## RECORDED DATA

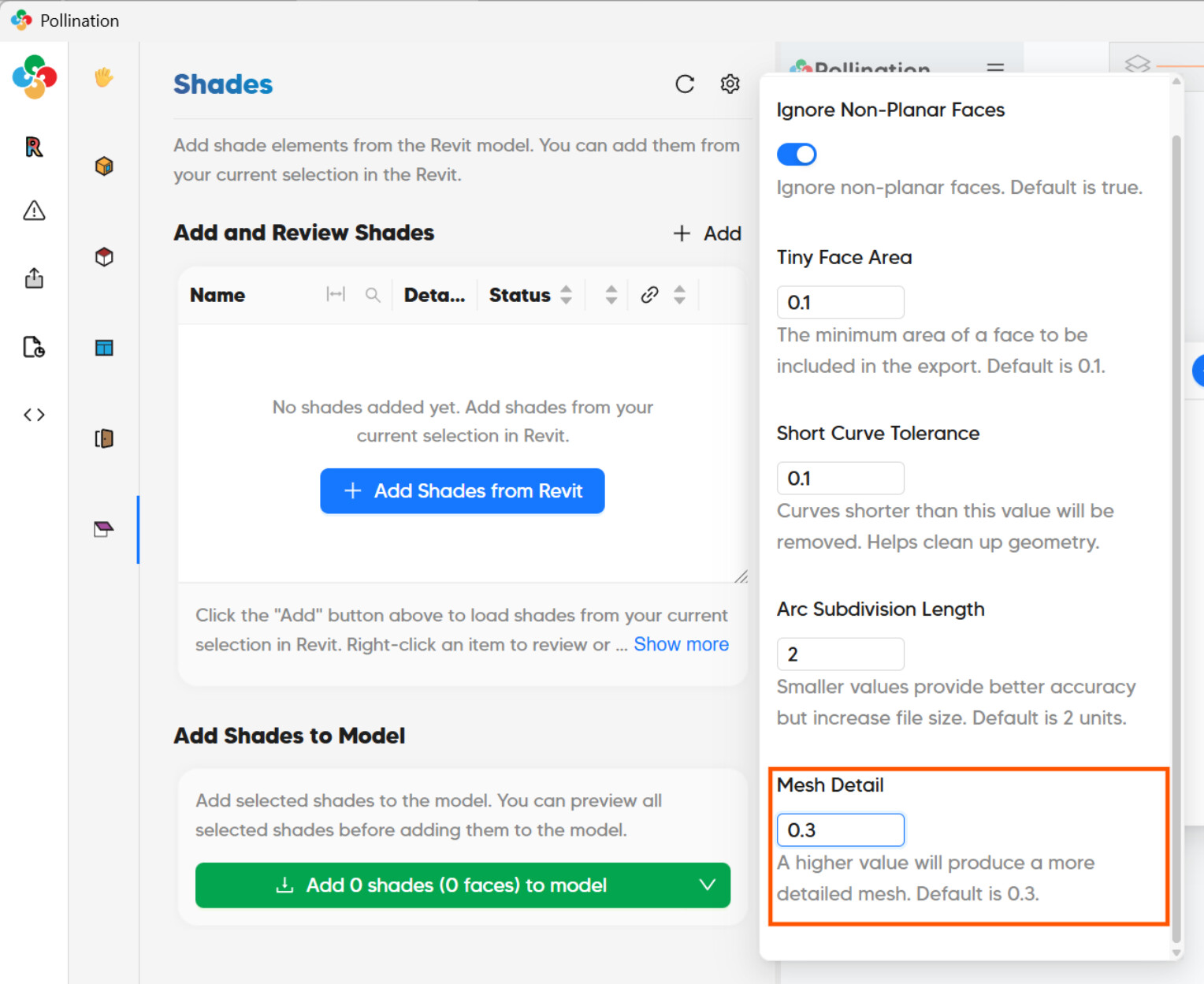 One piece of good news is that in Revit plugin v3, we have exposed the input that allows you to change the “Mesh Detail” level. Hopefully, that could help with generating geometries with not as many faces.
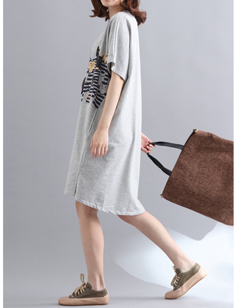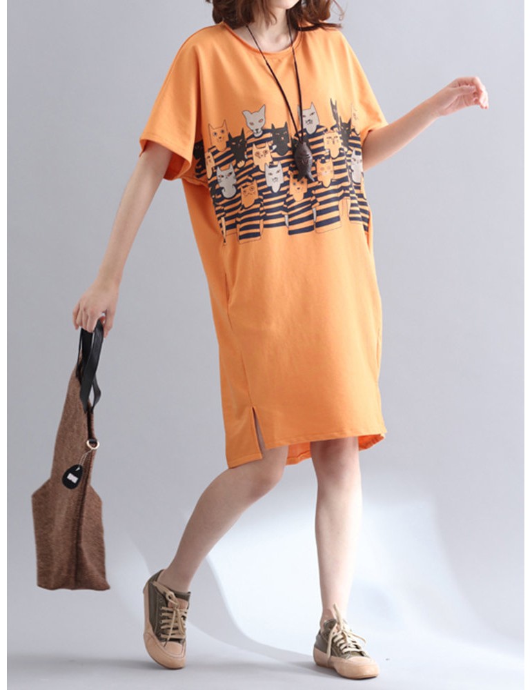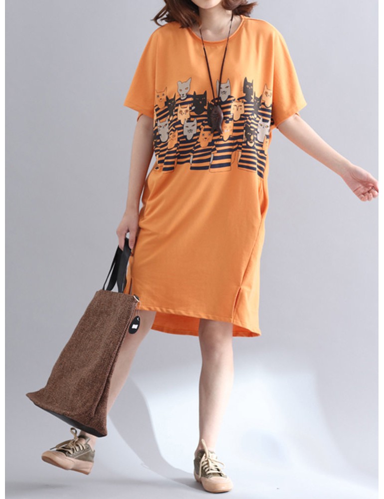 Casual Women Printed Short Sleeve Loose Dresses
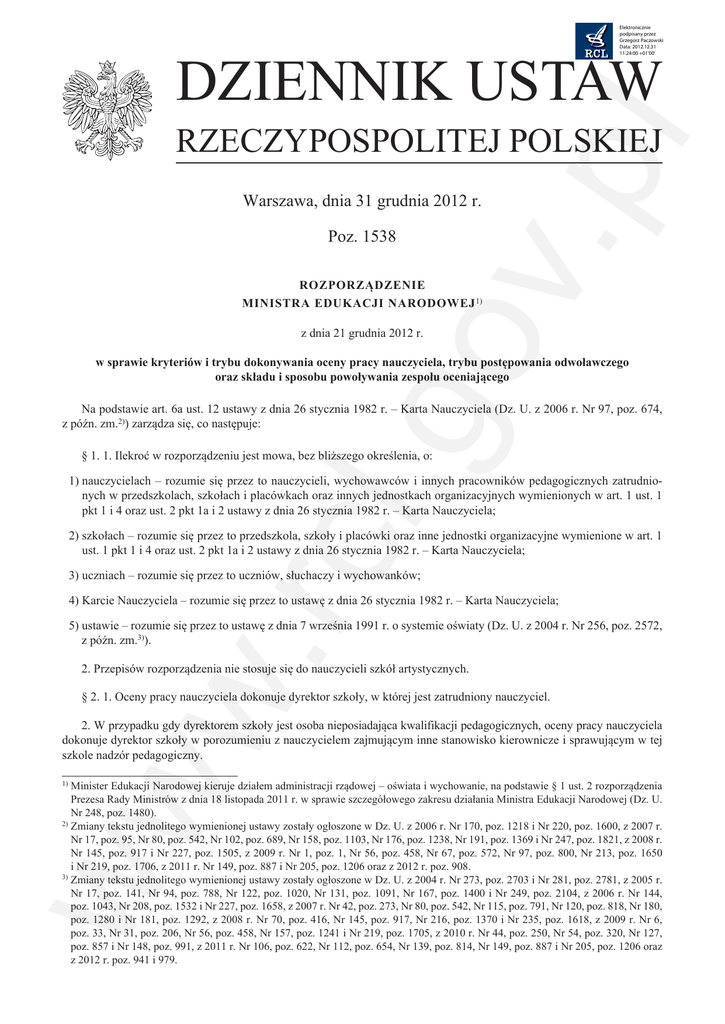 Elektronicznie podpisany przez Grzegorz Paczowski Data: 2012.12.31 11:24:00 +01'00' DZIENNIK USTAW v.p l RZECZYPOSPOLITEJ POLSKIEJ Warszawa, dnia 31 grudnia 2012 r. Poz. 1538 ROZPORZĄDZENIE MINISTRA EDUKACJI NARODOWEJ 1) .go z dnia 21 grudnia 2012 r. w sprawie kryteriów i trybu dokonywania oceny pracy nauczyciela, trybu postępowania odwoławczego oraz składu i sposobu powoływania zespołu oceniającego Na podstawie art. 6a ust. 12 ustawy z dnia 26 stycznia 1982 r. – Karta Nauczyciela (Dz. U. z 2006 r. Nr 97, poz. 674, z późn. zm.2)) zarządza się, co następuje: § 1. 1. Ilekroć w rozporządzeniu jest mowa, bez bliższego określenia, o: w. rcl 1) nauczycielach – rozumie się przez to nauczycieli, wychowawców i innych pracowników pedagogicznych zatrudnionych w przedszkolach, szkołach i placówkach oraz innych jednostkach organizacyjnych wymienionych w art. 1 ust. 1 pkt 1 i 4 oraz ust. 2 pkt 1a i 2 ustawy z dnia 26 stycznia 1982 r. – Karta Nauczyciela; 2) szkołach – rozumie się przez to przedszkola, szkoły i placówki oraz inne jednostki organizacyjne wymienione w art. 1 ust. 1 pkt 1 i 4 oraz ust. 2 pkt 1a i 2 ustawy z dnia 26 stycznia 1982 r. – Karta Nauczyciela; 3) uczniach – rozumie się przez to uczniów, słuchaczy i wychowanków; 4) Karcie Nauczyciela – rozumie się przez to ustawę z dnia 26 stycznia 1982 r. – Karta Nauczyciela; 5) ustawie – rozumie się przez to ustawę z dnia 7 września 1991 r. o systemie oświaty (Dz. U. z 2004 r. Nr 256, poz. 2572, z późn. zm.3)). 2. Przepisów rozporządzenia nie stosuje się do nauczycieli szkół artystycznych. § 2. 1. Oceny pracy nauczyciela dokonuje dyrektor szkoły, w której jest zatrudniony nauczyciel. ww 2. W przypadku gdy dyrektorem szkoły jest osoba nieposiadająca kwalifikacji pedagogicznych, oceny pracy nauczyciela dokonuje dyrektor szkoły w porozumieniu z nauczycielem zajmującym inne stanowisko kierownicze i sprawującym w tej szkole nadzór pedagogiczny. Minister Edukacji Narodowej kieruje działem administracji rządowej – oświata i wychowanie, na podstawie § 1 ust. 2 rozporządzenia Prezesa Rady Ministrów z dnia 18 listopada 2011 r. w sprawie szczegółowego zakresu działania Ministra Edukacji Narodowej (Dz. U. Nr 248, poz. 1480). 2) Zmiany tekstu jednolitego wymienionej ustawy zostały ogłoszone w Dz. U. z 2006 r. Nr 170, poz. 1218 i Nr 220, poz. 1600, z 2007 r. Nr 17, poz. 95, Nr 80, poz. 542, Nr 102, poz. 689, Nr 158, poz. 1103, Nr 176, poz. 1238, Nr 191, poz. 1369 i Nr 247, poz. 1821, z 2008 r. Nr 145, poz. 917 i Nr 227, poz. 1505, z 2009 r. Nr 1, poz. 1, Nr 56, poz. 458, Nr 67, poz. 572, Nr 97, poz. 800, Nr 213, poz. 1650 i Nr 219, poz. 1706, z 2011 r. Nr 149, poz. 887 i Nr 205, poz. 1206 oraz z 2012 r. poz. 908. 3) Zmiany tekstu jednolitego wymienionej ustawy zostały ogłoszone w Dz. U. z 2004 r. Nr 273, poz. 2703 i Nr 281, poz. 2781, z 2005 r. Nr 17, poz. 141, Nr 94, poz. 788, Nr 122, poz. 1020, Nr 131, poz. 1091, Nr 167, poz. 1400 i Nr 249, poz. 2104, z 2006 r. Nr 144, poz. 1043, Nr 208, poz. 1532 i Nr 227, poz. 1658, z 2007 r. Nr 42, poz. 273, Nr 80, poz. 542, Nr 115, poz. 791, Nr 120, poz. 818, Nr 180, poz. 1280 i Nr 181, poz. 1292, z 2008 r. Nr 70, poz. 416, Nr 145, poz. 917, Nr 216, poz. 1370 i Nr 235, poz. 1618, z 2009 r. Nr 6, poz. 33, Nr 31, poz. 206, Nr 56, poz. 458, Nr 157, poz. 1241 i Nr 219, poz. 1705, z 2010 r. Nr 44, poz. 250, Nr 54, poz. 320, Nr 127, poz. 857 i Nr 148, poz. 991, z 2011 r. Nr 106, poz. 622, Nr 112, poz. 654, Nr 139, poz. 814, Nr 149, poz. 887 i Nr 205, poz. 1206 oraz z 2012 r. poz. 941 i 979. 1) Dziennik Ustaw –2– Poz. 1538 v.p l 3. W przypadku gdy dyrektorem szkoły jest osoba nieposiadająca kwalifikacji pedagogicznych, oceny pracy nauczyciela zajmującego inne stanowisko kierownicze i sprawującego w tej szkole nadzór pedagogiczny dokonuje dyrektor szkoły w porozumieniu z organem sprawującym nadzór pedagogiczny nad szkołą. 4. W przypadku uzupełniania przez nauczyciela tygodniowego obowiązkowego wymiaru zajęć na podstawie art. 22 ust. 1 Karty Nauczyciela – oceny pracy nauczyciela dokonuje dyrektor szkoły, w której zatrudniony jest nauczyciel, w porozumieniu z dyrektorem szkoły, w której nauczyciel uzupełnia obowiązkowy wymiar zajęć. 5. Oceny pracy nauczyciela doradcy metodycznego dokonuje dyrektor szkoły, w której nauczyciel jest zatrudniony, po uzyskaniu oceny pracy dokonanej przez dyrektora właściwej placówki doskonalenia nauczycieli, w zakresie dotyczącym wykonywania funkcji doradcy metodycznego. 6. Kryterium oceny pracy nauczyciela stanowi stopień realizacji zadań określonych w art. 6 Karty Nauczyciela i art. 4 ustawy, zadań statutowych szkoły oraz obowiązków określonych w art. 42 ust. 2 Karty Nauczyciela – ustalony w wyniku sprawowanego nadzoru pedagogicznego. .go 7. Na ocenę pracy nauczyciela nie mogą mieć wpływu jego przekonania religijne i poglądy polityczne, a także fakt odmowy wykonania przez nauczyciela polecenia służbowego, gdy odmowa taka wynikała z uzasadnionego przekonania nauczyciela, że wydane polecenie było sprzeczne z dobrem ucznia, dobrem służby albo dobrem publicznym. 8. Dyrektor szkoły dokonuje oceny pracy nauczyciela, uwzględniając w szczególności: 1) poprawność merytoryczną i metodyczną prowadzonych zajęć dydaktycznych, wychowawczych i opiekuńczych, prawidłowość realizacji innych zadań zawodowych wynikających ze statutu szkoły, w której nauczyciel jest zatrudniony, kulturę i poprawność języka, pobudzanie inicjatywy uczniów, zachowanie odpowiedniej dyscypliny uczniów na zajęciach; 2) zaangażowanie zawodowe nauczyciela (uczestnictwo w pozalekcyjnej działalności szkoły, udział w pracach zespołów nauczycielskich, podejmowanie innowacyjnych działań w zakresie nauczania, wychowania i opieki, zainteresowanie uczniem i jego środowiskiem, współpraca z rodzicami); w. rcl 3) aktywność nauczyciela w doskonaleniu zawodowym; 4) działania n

## WORK TO COMPLETE
Exactly as written, restate the lines above from the opening line through the one holding "Casual Women Printed", omitting the pictures.

## SOLUTION TO THIS EXERCISE
 One piece of good news is that in Revit plugin v3, we have exposed the input that allows you to change the “Mesh Detail” level. Hopefully, that could help with generating geometries with not as many faces.
 Casual Women Printed Short Sleeve Loose Dresses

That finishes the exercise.